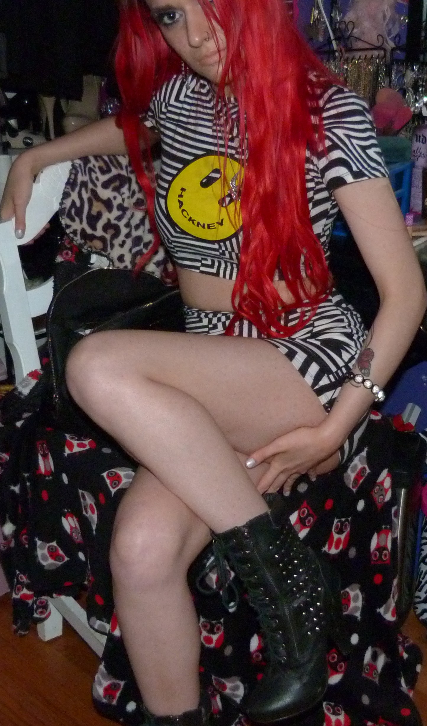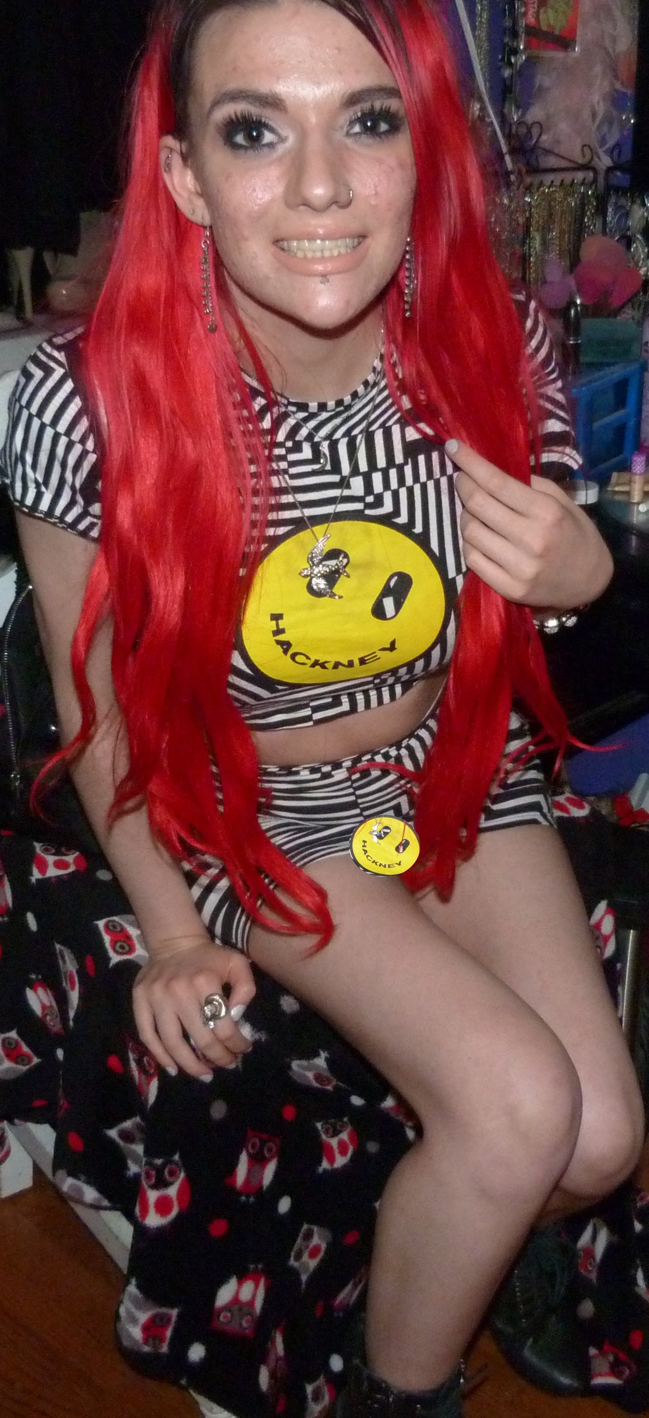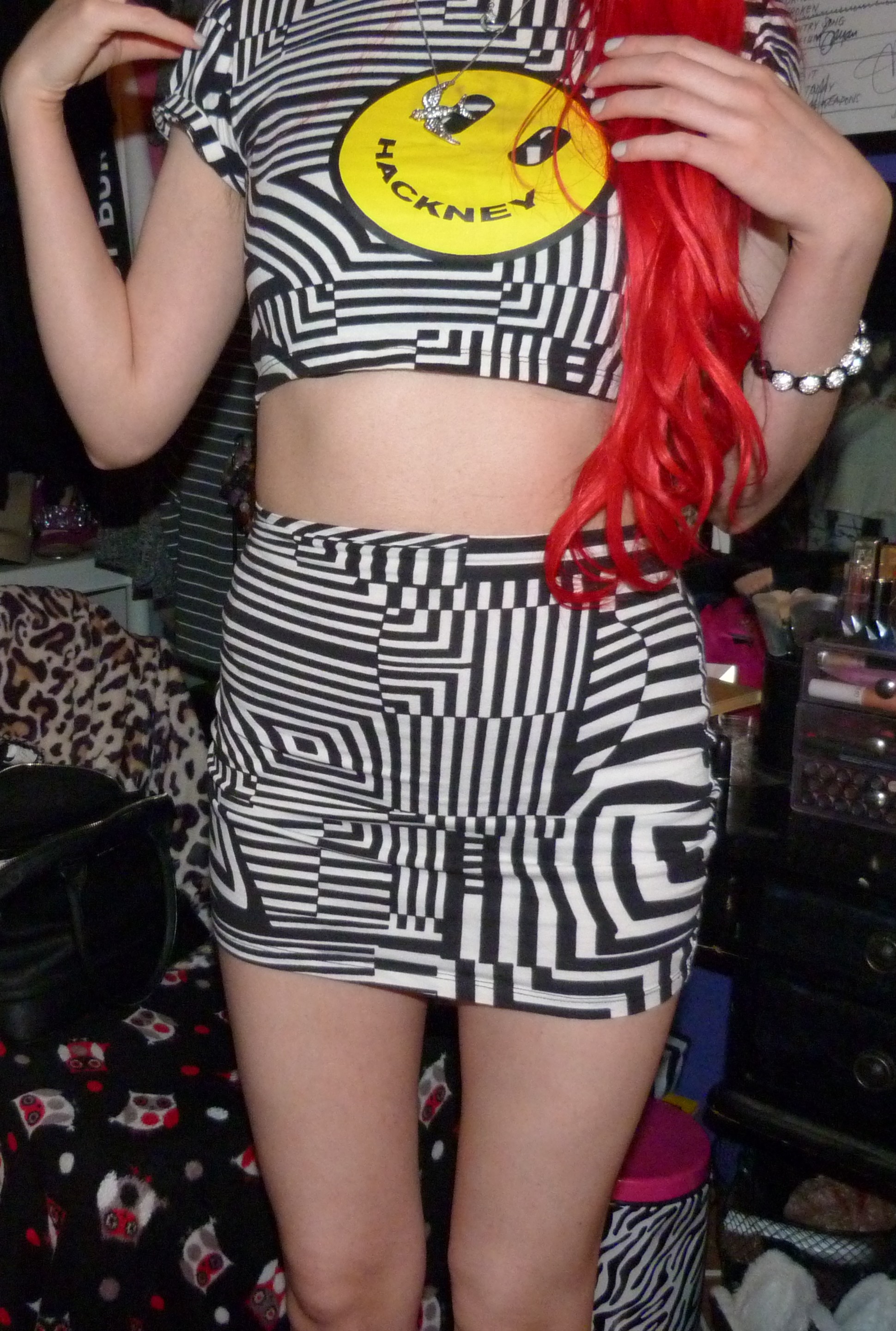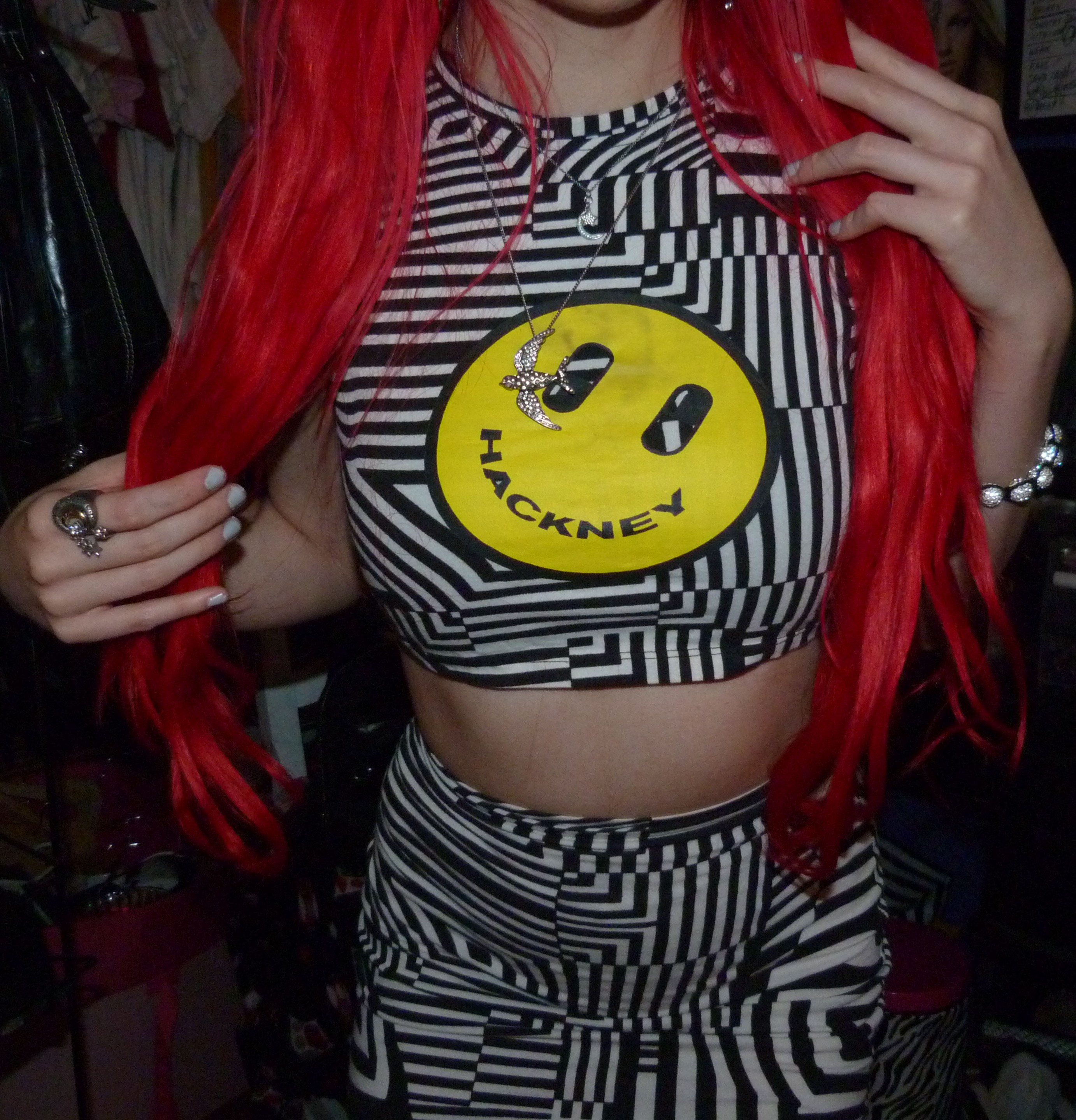 - Nelle & Kimmy Skirt Set $55 from the brand Motel from Dolls Kill online, that says ‘Hackney’ on a yellow smiley face on the front of the crop top. I got this two-piece set in January of 2020 too.
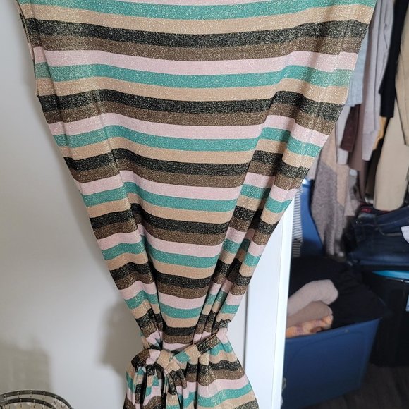 Sparkly top with strips and a belt ro tie it in with. It's in great condition and gently used. Size Lrg/XL Fitts smaller because of the tie around the waist.
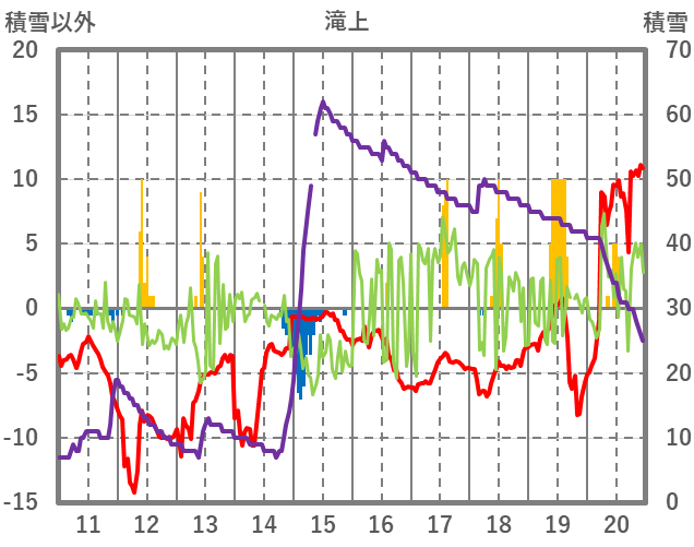 | 日 | 時 | 気温 | 降水 | 風向/風速 | 日照 | 積雪 | 降雪 |
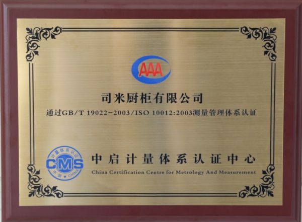 捷报!司米橱柜荣获测量管理体系认证AAA证书
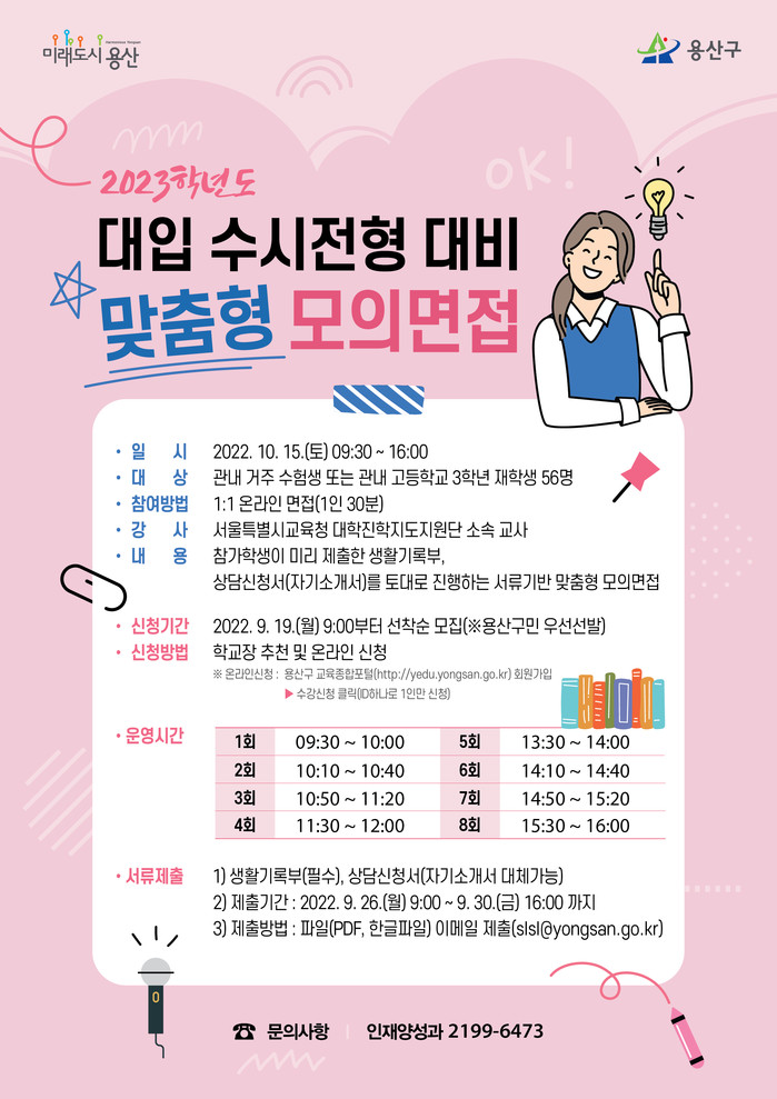 | ▲ 2023학년도 대입 수시전형 대비 맞춤형 모의면접 안내문. (사진제공=용산구청) |
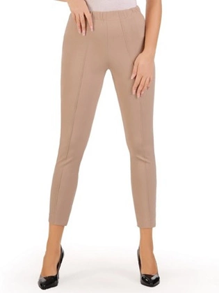 Spodnie damskie, dzianinowe, beżowe spodnie w kant z gumką w pasie, wyszczuplające legginsy, duże rozmiary 27328
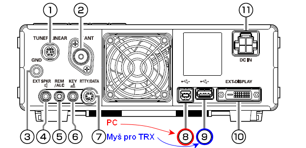 Dále je TRX vybaven druhým rozhraním USB (typ A), ke kterému lze připojit myš a/nebo klávesnici. Na obrázku vpravo označeno číslicí 9. Po připojení myši se na obrazovce displeje transceiveru objeví malý kurzor ve tvaru šipky, kterým lze přesně ukázat na jednotlivé ovládací prvky menu a kliknutím provést požadovanou akci. Pro toho, kdo je zvyklý na přesnou práci s PC, pro toho, kdo nechce řešit, zda má nebo nemá silnější prst a opravdu ho nebere dotykový displej, použití myši vřele doporučuji. Jde o přesné ukazování (polohování), po kliknutí následuje okamžitá reakce. Na displej nemusíte sáhnout. Parádička.
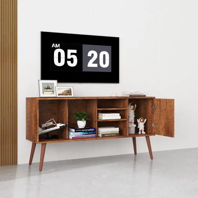 Durable&Sturdy frame: This TV stand with rich textured veneer not only gives an attractive modern look but also features superior stability and its resistance against wear and tear. Four solid wood legs are used, which can make the cabinet stronger.
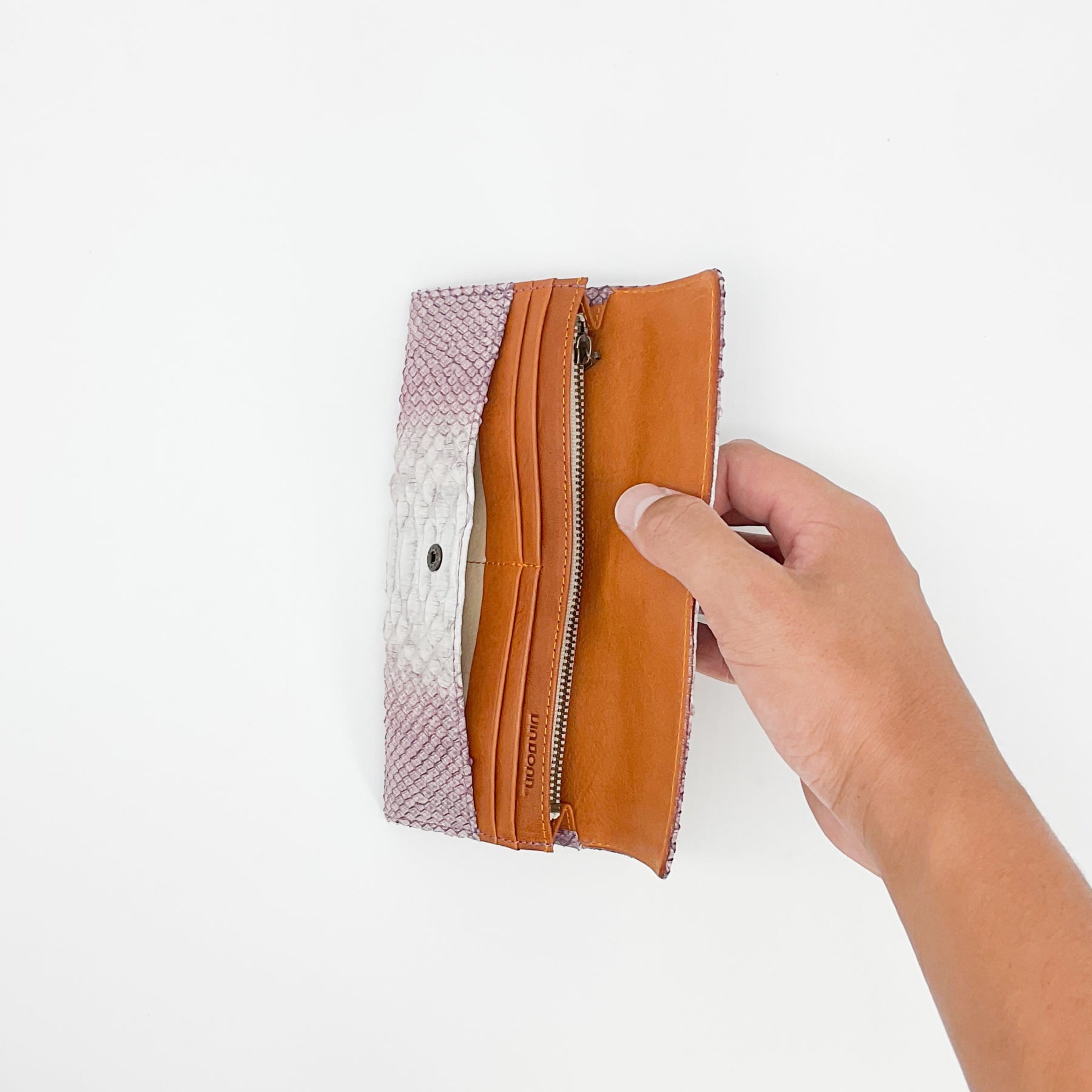 ※ 使用していくと少しづつ、お財布の形に馴染みウロコが立たなくなってきますので、パイソンレザー独特の経年変化をお楽しみください。
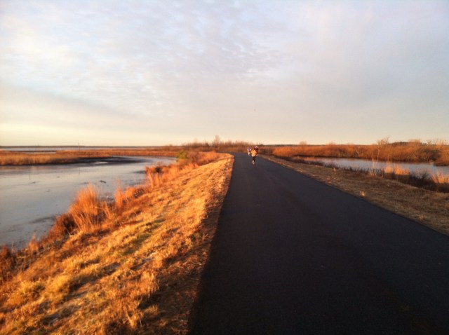 The race started at 7am and so when we arrived at 6:15 we had some time to spare. It was in the low 40’s but wearing extra clothes would be a pain for later in the race, so we just suffered for a while. We used the restroom and then waited.
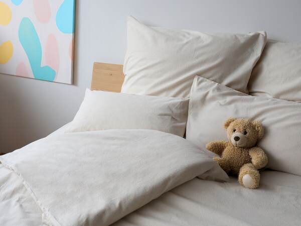 U heeft de keuze uit natuurlijke cretonnestof, knus fijnflanel bedlinnen van hoogwaardig flanel, fijn jersey of kinderbedlinnen van hoogwaardig katoensatijn met een lichte glans. Ook vindt u bij ons zuivere bedlinnen van katoen met fijn verweven renforcéstof. Met de conventionele teelt van katoen is het in ontwikkelingslanden treurig gesteld. Loon onder het minimumloon, kinderarbeid en een 80-urige werkweek zijn slechts een paar sleutelwoorden. Door de hoge inzet van pesticiden worden de grond, de lucht en het water vervuild en de werknemers lijden soms ook aan zware vergiftiging. Bio beddengoed voor kinderen van allnatura is gemaakt van 100 % biologisch katoen dat uit gecontroleerde biologische teelt komt. Dat betekent dat kunstmest, pesticiden en ontbladeringsmiddelen absoluut uit den boze zijn. Ook bij de verdere verwerking worden geen hulpmiddelen ingezet die schade aan het milieu aanbrengen. In dit knusse bedlinnen zal uw kleine lieveling beschermd slapen. Koop voor uw kind dus kinderbedlinnen met katoen uit gecontroleerde biologische teelt.
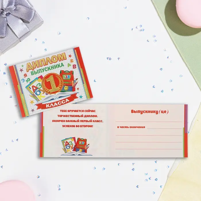 Диплом "Выпускника 1 класса" глиттер, школьная доска, портфель

The problem
Without the images, write out each line of the data verbatim.

Solution to the exercise
 - Nelle & Kimmy Skirt Set $55 from the brand Motel from Dolls Kill online, that says ‘Hackney’ on a yellow smiley face on the front of the crop top. I got this two-piece set in January of 2020 too.
 Sparkly top with strips and a belt ro tie it in with. It's in great condition and gently used. Size Lrg/XL Fitts smaller because of the tie around the waist.
 | 日 | 時 | 気温 | 降水 | 風向/風速 | 日照 | 積雪 | 降雪 |
 捷报!司米橱柜荣获测量管理体系认证AAA证书
 | ▲ 2023학년도 대입 수시전형 대비 맞춤형 모의면접 안내문. (사진제공=용산구청) |
 Spodnie damskie, dzianinowe, beżowe spodnie w kant z gumką w pasie, wyszczuplające legginsy, duże rozmiary 27328
 Dále je TRX vybaven druhým rozhraním USB (typ A), ke kterému lze připojit myš a/nebo klávesnici. Na obrázku vpravo označeno číslicí 9. Po připojení myši se na obrazovce displeje transceiveru objeví malý kurzor ve tvaru šipky, kterým lze přesně ukázat na jednotlivé ovládací prvky menu a kliknutím provést požadovanou akci. Pro toho, kdo je zvyklý na přesnou práci s PC, pro toho, kdo nechce řešit, zda má nebo nemá silnější prst a opravdu ho nebere dotykový displej, použití myši vřele doporučuji. Jde o přesné ukazování (polohování), po kliknutí následuje okamžitá reakce. Na displej nemusíte sáhnout. Parádička.
 Durable&Sturdy frame: This TV stand with rich textured veneer not only gives an attractive modern look but also features superior stability and its resistance against wear and tear. Four solid wood legs are used, which can make the cabinet stronger.
 ※ 使用していくと少しづつ、お財布の形に馴染みウロコが立たなくなってきますので、パイソンレザー独特の経年変化をお楽しみください。
 The race started at 7am and so when we arrived at 6:15 we had some time to spare. It was in the low 40’s but wearing extra clothes would be a pain for later in the race, so we just suffered for a while. We used the restroom and then waited.
 U heeft de keuze uit natuurlijke cretonnestof, knus fijnflanel bedlinnen van hoogwaardig flanel, fijn jersey of kinderbedlinnen van hoogwaardig katoensatijn met een lichte glans. Ook vindt u bij ons zuivere bedlinnen van katoen met fijn verweven renforcéstof. Met de conventionele teelt van katoen is het in ontwikkelingslanden treurig gesteld. Loon onder het minimumloon, kinderarbeid en een 80-urige werkweek zijn slechts een paar sleutelwoorden. Door de hoge inzet van pesticiden worden de grond, de lucht en het water vervuild en de werknemers lijden soms ook aan zware vergiftiging. Bio beddengoed voor kinderen van allnatura is gemaakt van 100 % biologisch katoen dat uit gecontroleerde biologische teelt komt. Dat betekent dat kunstmest, pesticiden en ontbladeringsmiddelen absoluut uit den boze zijn. Ook bij de verdere verwerking worden geen hulpmiddelen ingezet die schade aan het milieu aanbrengen. In dit knusse bedlinnen zal uw kleine lieveling beschermd slapen. Koop voor uw kind dus kinderbedlinnen met katoen uit gecontroleerde biologische teelt.
 Диплом "Выпускника 1 класса" глиттер, школьная доска, портфель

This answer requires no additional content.